Book 3, chapter 2, paragraph 28

[De la richesse commerciale, Sismondi, 1803, Original, 188]

   VENDÉE. Dans le Département de la Vendée l’on ne fabrique que quelques étoffes grossières de laine, et quelques toiles pour la consommation des habitants; les étrangers ne lui font donc aucune concurrence (14).

[Translation]

   VENDÉE. In the department of Vendée, only some coarse woollen cloth and some linen cloth for consumption of the habitants are manufactured; the foreign cloth is not in competition with them (14).

Tuesday, 13 April 2010

Book 3, chapter 2, paragraph 27

[De la richesse commerciale, Sismondi, 1803, Original, 187-188]

   ALLIER. Celui de l’Allier n’a que fort peu de manufactures. Sa statistique ne fait mention que de deux verreries, une fabrique d’armes, et plusieurs forges. Il existait cependant autrefois à Moulins une coutellerie renommée; serait-elle tombée ? Cette fabrique est du nombre de celles que les douanes protègent, les Anglais travaillent l’acier mieux que nous; les Bourbonnais paraissaient cependant avoir sur eux l’avantage du bon marché, et pouvaient braver leur concurrence, du moins pour les qualités inférieures. La douane qui, en redoublant de rigueur contre les marchandises anglaises, n’a pu cependant conserver assez d’importance aux fabriques de Moulins pour que le Préfet les remarquât, ne paraît pas obtenir de grands succès quand elle protège l’industrie(13).

[Translation]

   ALLIER. The department of Allier has only a few manufactories.
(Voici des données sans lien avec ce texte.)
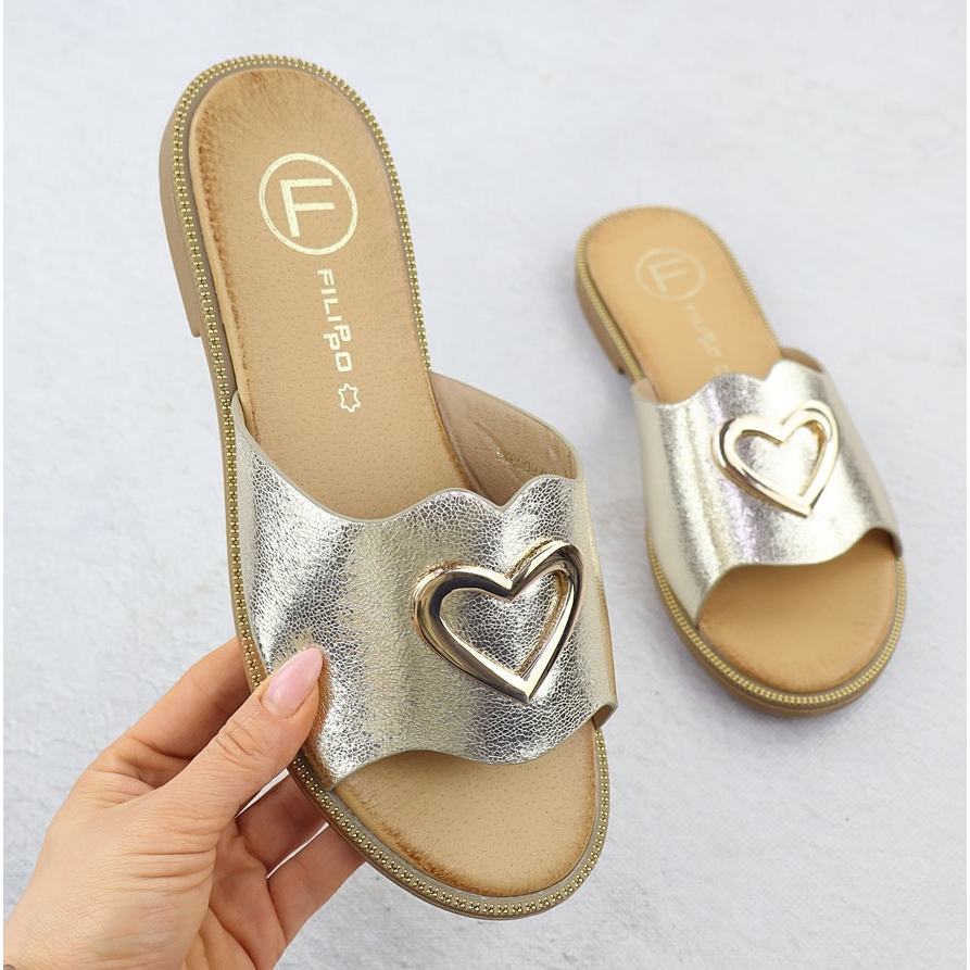 Entdecken Sie den einzigartigen Stil und den einzigartigen Komfort dank der Frauenklappen mit einem dekorativen Herzen der Marke Filippo. Das DK6909 -Modell in goldener Farbe ist ein ideales Angebot für Sommertage, das nicht nur einen modischen Look, sondern auch einen Bequemlichkeitsgrad des Tragens verleiht.

The statistics about it mention only two manufactories of glass, one of arms, and several iron-works. However, there used to be a famous manufactory of cutlery at Moulins; would it have gone under? This manufactory is one of those protected with customs duties, and the Englishmen produce better irons than we. However, the Bourbonnais ones seemed to get to the windward of the English in inexpensiveness, and could enter competition with them though of inferior quality. Customs duties, which, even reinforcing the rigour against the English merchants, were not able to attach such importance to the manufactories at Moulins that the prefect would note them, do not seem to be greatly successful when it comes to protection of industry(13).